About
This website does the Machine Learning of Non-trivial Regular Expressions.
These learned Regular Expressions are
- descriptive,
- non-trivial,
- optimal, or near optimal,
- executable
- matching, or exact matching and
- learned from positive example input strings.
This has not been done before -- it is a breakthrough in Computer Science and Machine Learning.
This solves the Regular Expression Induction (REI) problem for the first time - in a significant and practical way.
Up to 19 regexes are learned for each input set of strings -- providing a choice between Optimality, Readability and Abstractions.
Definitions
Descriptive means that the original input strings can be reconstructed by examining the learned regex.
Optimal means the shortest regex describing the input string set, based on the Significant Length of the regex.
Executable means that most normal regular expression engines can execute the learned regex.
Matching means that the learned regex matches all the input strings.
Exact Matching means that the learned regex matches all and only the input strings.
Abstractions use Character Classes (\d and \w), as well as computed Character Ranges (e.g. [3-5bg-j]).
Plain Length of a regex means the total number of characters in the regex.
Significant Length of a regex means the number of occurrences of original input string characters, in the regex.
Notes
- The purpose of these regexes, is to be:
- as close to optimal as possible, and
- to be both executable and readable (and modifiable) by humans.
- Thus it also allows for the analysis of strings/sequences by humans.
- It is a new form of explainable machine learning.
- Shortest regex is determined by using the significant length of the regex.
-
Significant Length vs.
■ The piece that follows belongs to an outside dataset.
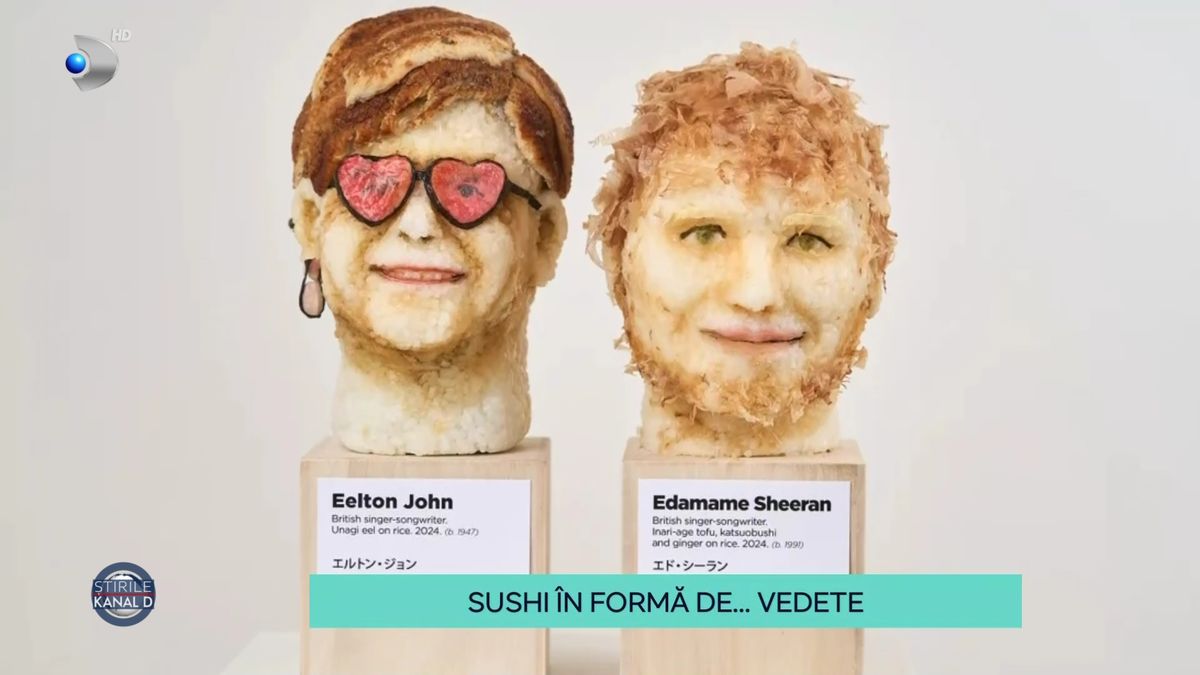 „Ed Sheeran din orez sau Elton John cu păr din creveți! O artistă a reușit să atragă privirile cu noile sale capodopere: portretele celebrităților din sushi”, a spus Cristina Dorobanțu.

Plain Length, with counted characters in red, for input string "aab":
Id Regex Significant Length Plain Length 1 aab 3: aab 3: aab 2 a{2}b 2: a{2}b 5: a{2}b - Shortest regex, using Plain Length, is Id 1 in the above table: "aab", since (3 < 5).
- Shortest regex, using Significant Length, is Id 2 in the above table: "a{2}b", since (2 < 3).
- Reason for using Significant Length: It promotes the presentation of input string structure, in the regex.